黒焦げになっている家々、逃げ惑うミレジカの人達。それらはモノクロで描かれているのだが、猛々しい炎は、真っ赤な色彩で鮮明に描かれていた。
「ヒュウ……私の夫は、他の魔法使い達の力を借り、何とか魔女を捕まえる事に成功した」
「……ウィルも、ですか?」
「ああ。彼はまだ十代半ばだったようだが、魔女を直接捕らえたのはウィルらしい」
「え……」
十代半ばなら、まだ幼さが残っているはず。その少年ウィルが、強大な魔力を持つ魔女と対峙し、捕まえたというのか。
「……まぁ、彼もなかなかの魔力の持ち主。それに、彼女は彼の……」
「?」
言いかけて、リュラは不自然に言葉を切った。燈は不思議に思い、女王を見上げた。
「……あ。いや、すまない。ええと……そう。ウィルは、その魔女の動きを封印する魔法をかけられるほど、魔力が大きいんだ」
「そうなんですか…」
燈は少しだけ違和感を覚えた。リュラは、他の事を言おうとしていたのではないか。けれど問い質す事が出来ず、燈は頷く事しかしなかった。
「だが、彼女の魔力は桁違いに強くてな。ウィルの捕縛の魔法もだんだんと弱まってしまう。…だから、ウィルに定期的に魔法をかけ直してもらっているんだ」
今も、魔女の元へ行っている所だろう。と言ってリュラは本をパタリと閉じた。
「……とまあ、私が話せるのはこれくらいなんだが」
あまり為にならなくてすまんな、と苦笑しながらリュラは本を元にあった場所へ戻した。燈は「いえ、そんな…」と頭を振った。
「魔女に変な事を言われなかったか?」
「えっと…。あの人に会わせてって言われました。でも、私魔女が言う“あの人”に心当たりが無くて…。でも、お化けの人に言われたんです。その人は私の知る人だって」
「……お化け?」
訝しげに言うリュラに、燈は彼女に優男風の幽霊について言っていない事に気付いた。
「あ、そうなんです! その人は魔女から助けてくれたんですけど、優しい雰囲気だったから透けてる事に全く気付かなくて! その人、突然消えちゃったんです!!」
「ふむ。城内でそのようなものが出るとは初耳だな」
慌てふためく燈とは対象的に、冷静に呟くリュラ。
「見つけたら燈を驚かせた罪でいたぶってやろう。その霊の特徴を教えてくれないか」
幽霊には物理的攻撃が効かないと思うが、リュラが言うと本気でいたぶりそうで怖い。そんな思考が顔に出ていたのだろうか。リュラはフッと微笑んだ。

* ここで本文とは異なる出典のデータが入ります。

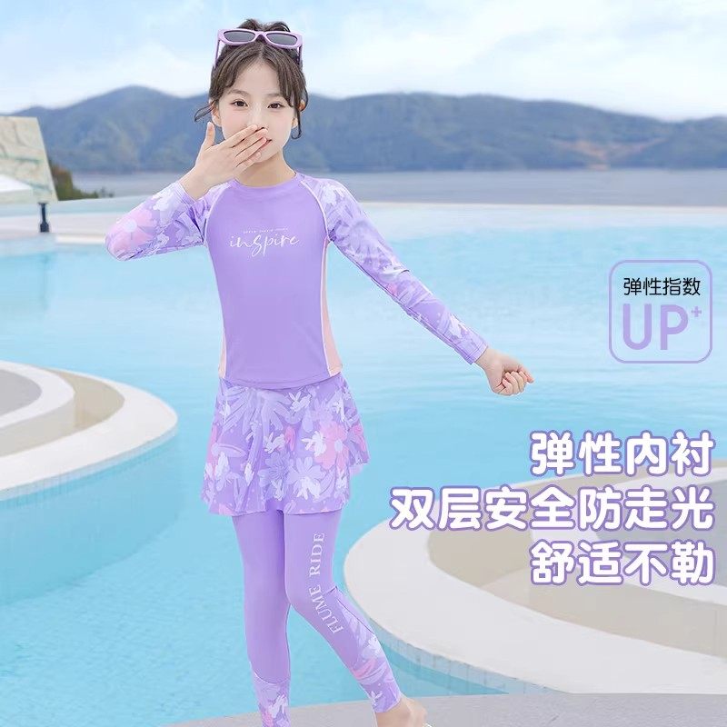 儿童泳衣女孩分体长袖长裤2026年新款中大童初中生防晒游泳衣套装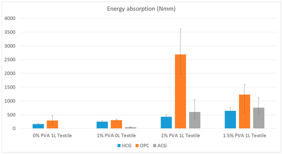 Energy absorption of fiber reinforced cementitious composites is the unique feature during deflection hardening stage as composites exhibit increasing flexural strength with continuing deformation. Extended deflection hardening with high deflection capacity and high flexural load ensure higher energy absorption. The energy absorption of fiber reinforced cementitious composites is not only important under static loads but also under dynamic loadings. Energy absorption capacities of TRC and TRGs containing PVA fibers are the area under the respective load–deflection curves up to peak load of each composite and are shown in Figure 6. It can be seen that by adding 1% PVA fiber, the energy absorption capacities of TRC and both TRGs are significantly improved with further improvement due to increase in PVA fiber from 1% to 1.5%, except in the case of TRC where energy absorption is decreased at 1.5% PVA due to significant reduction in deflection at peak load despite improvement in flexural strength (see Figure 7).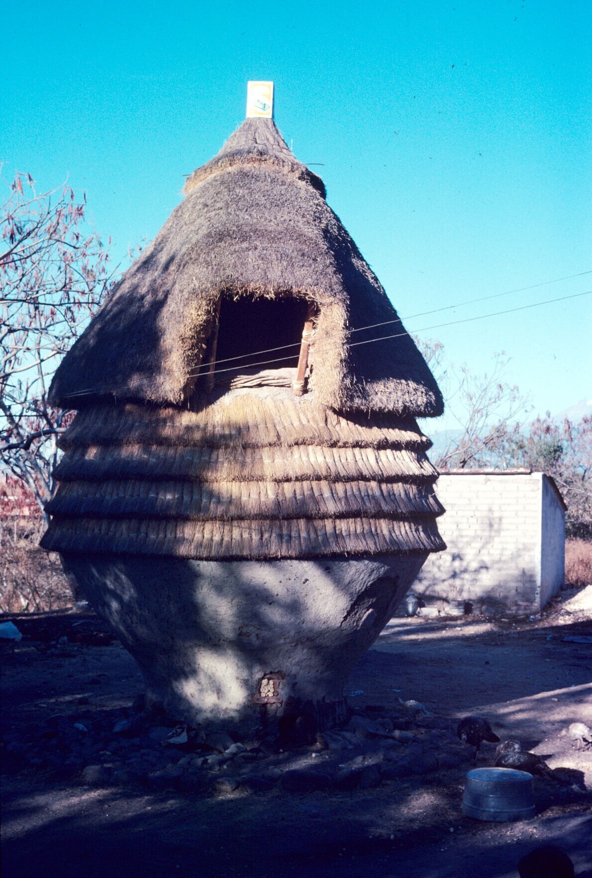 inwendige dakstructuur van cuezcomate (maïsopslagpla...

「何。燈が思っている事はやらないさ。霊には肉体的ダメージを与えられないだろうから、精神的ダメージを与えるだけさ」
それはそれで怖いと思ってしまう。驚かされたものの、魔女から救ってくれるのは変わりないし、そんな優しい人をリュラに差し出してしまっていいものか…と悩んだが、女王に優しく促されてしまい、燈は話してしまう。
ウェーブのかかった茶髪に、優しい笑顔が印象的の寝間着姿の男だと。話していく内に、リュラの美しい顔が驚愕の色に染まっていき……話終わった時には、思い切り肩を掴まれていた。
「本当か!?」
「え……?」
リュラのあまりの変貌ぶりに燈はビクリと肩を揺らす。
「本当にその男は、そのような姿だったのか!?」
鬼気迫る女王に何も言えるはずもなく、燈はただ首を縦に振るだけだった。
「その男は何か言っていなかったか!?」
「え…と…。地下室は行ってはいけないとか…。お城へ来る時はウィルと行動を共にした方がいいとか…」
「他は!? 他に何か……!!」
興奮したリュラの尖った爪が肩に食い込み、燈は苦痛の色を滲ませた。
「い…痛いです……リュラさん……!」
「……!!」
目の前の燈の表情が痛みで歪んでいる事にようやく気付き、リュラは肩から手を離した。
「す、すまない……。取り乱してしまった」
そう言って顔を覆う女王。燈にとって、彼女は強い女性だと思っていた。気高く、妖艶で大人びた落ち着きを持つ女性。だから、リュラが感情を高ぶらせて取り乱す姿なんて想像出来なかったのだ。
「私は大丈夫です…。リュラさんの方が大丈夫ですか…?」
「……フフ。年下の燈に心配されるとは、私もまだまだだな」
顔から手を離したリュラは、いつもの大人びた表情だったが、少しだけ無理をしているように見えた。
「…すみません。私…気に障るような事を言いましたか?」
「いや、燈に否は全く無い。私の未熟さ故、こんな醜態を晒した。…本当にすまなかった」
頭を垂れる女王に、燈は慌てて「頭を上げてください!」と言う。しかし、リュラは頭を上げる気配は無い。その代わり、彼女の聞きとれないくらい小さな呟きが、燈の耳に届いた。
「……こんな私だから、私の前には姿を現してくれないのか……?」
「……!」
いつもとは違う、彼女の弱々しくて切ない声。言葉の意味は分からない。…だが、女王では無く、一人の女性としての姿を見た気がした。
「……リュラさん」
燈はそっと彼女の肩に手を置いた。多分、彼女が大きく反応した原因は、優しい幽霊の容姿を聞いたから。あの人は、リュラに大きく関係しているという事は分かった。